There is a great deal of things to do in Palermo that I regret we only had a day here before heading to San Vito Lo Capo. The day in Palermo was actually by chance as the apartment in San Vito Lo Capo is rented out weekly from one Saturday to the next and we flew into Palermo on a Friday.
After being stuck in line at the car rental for more than an hour (their central computer system in Rome caught fire the night before and there was only one terminal in operation), we finally got our car and made our way to the B&B located in the historic center just after lunch.
We had emailed the B&B for some recommendations for guides earlier in the week and got a reply that he would do this best. Imagine my reaction when I asked him about it and was told that we can explore Palermo on our own. I don’t mind exploring a place on my own but with a guide, you get to know a place more intimately.
He handed us some maps, brochures, pointed out main attractions to visit and as we didn’t have other alternatives, we went on our way.
9 Things to do in Palermo in 24 hours
1. Teatro Massimo
The first attraction we came across was Teatro Massimo which I was surprised to find out is the largest theater in Italy and the third largest in Europe. It now offers various performances such as operas, ballets and concerts. Started in 1875 by Giovanni Battista Basile, Teatro Massimo was completed by this son and inaugurated in 1897.
We didn’t step in and if given the time, we would have done so. They offer guided tours (also in English) which lasts 25 minutes at the reasonable fee of €8. If you can’t visit Teatro Massimo in person, they offer a very neat virtual tour here.

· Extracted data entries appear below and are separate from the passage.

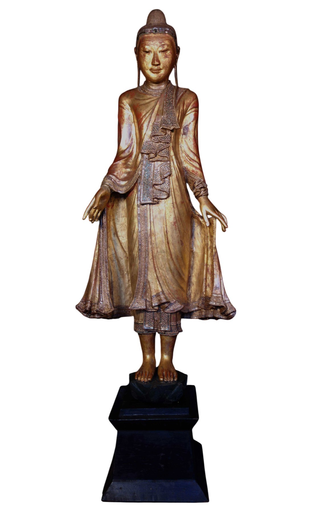 Reposant sur sa base lotiforme, le Bouddha debout est la représentation d’une action compatissante, la position des mains se rapproche du Varada-mudra qui symbolise le don et la générosité.
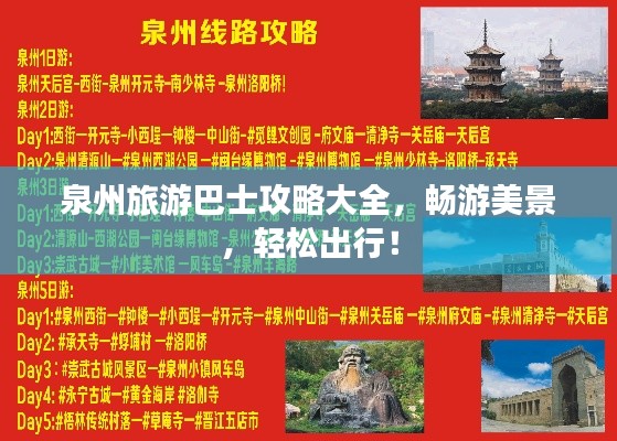 通过本文的泉州旅游巴士攻略,希望能为您的泉州之行提供便利,在游览泉州的过程中,请合理安排时间,遵守交通规定,确保旅途愉快,祝您在泉州留下美好的回忆!
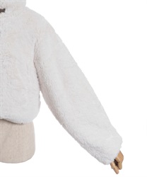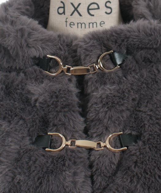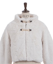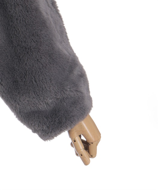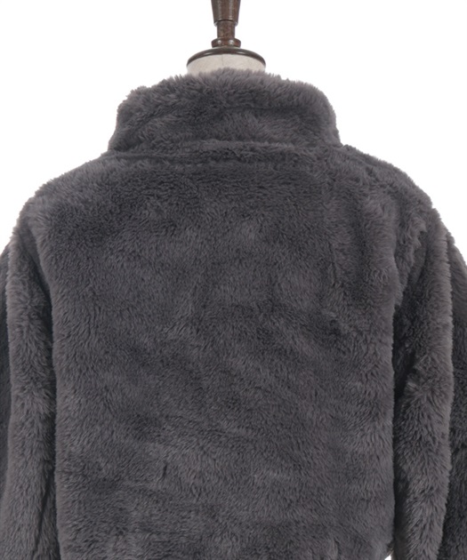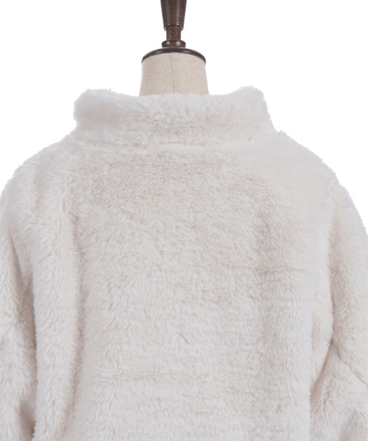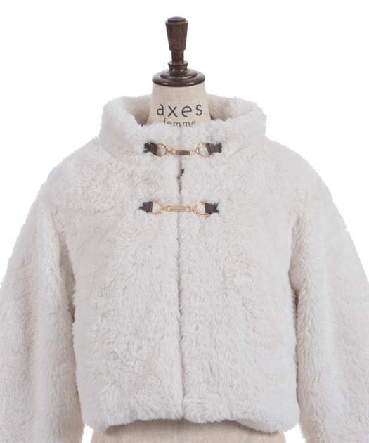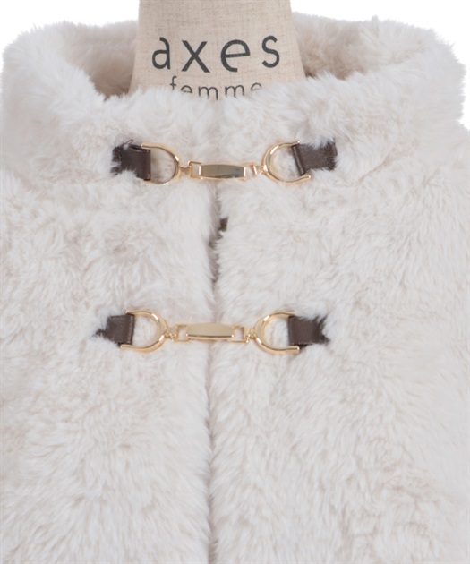 やわらかな毛並みが上品に映え、首元まであたたかく包み込むようなシルエットに仕上げています。フロントのビットがアクセントになり、甘さの中にきちんと感も添えてくれる一着です。
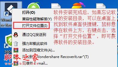 1、代開軟件安裝目錄,如果安裝目錄忘記,可以在桌面上找到軟件桌面快捷鍵,吧鼠標懸停在軟件上面,右鍵點擊,選擇“打開文件位置”,即可快速獲得軟件安裝目錄。
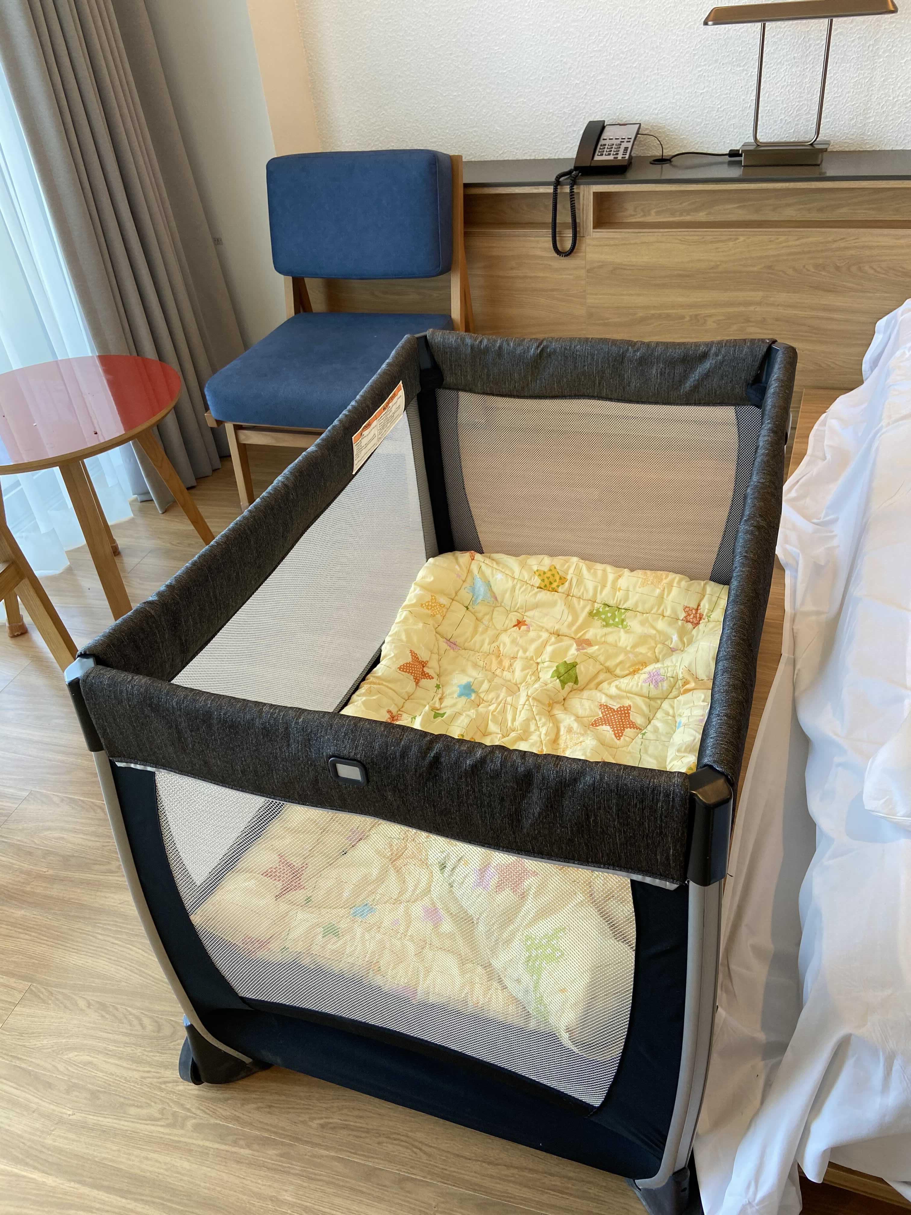예약시 신청했던 아기침대는 미리 준비되어 있다. 튼튼하고 깔끔한 아기침대

2. Quattro Canti or Piazza Vigliena
Making our way south on Via Maqueda towards Corso Vittorio Emanuele, you will undoubtedly come across Quattro Canti or Piazza Vigliena at the intersection of these two streets. These two main streets divide Palermo into four quarters making it an extremely busy intersection.
Formed by the Baroque facades of four buildings, each of three levels, you’ll find fountains at the lower level featuring the statues of the four seasons. On the second tier, you have the kings of Spain and the Emperor Charles V and the top tier, the statues of the four saints of Palermo, Saint Agata, Saint Cristina, Saint Ninfa and Saint Olivia.
3. Piazza Pretoria
Located just a hop away from Quattro Canti along Via Maqueda, you get to Piazza Pretoria where you find the Church of Santa Caterina, Palazzo Pretorio which serves as the town hall and the remarkable Pretorio fountain.
I had heard about this fountain and was on my must-see list in Palermo. This striking fountain with its white statues of pagan dieities, allegories and head of animals was originally made for a Fiorentine villa in 1554 but sold to the city in 1573. It is also known as the Fountain of Shame due to the nudity of the statues that were considered bold for that period.
4. Cathedral of Palermo
Back tracking and getting back to Corso Vittorio Emanuele, we walked westward towards Palazzo dei Normanni. We were told the Palazzo closed at 5pm and since we were planning to leave Palermo early the next morning, we briefly stopped at the Cathedral as it was along the way.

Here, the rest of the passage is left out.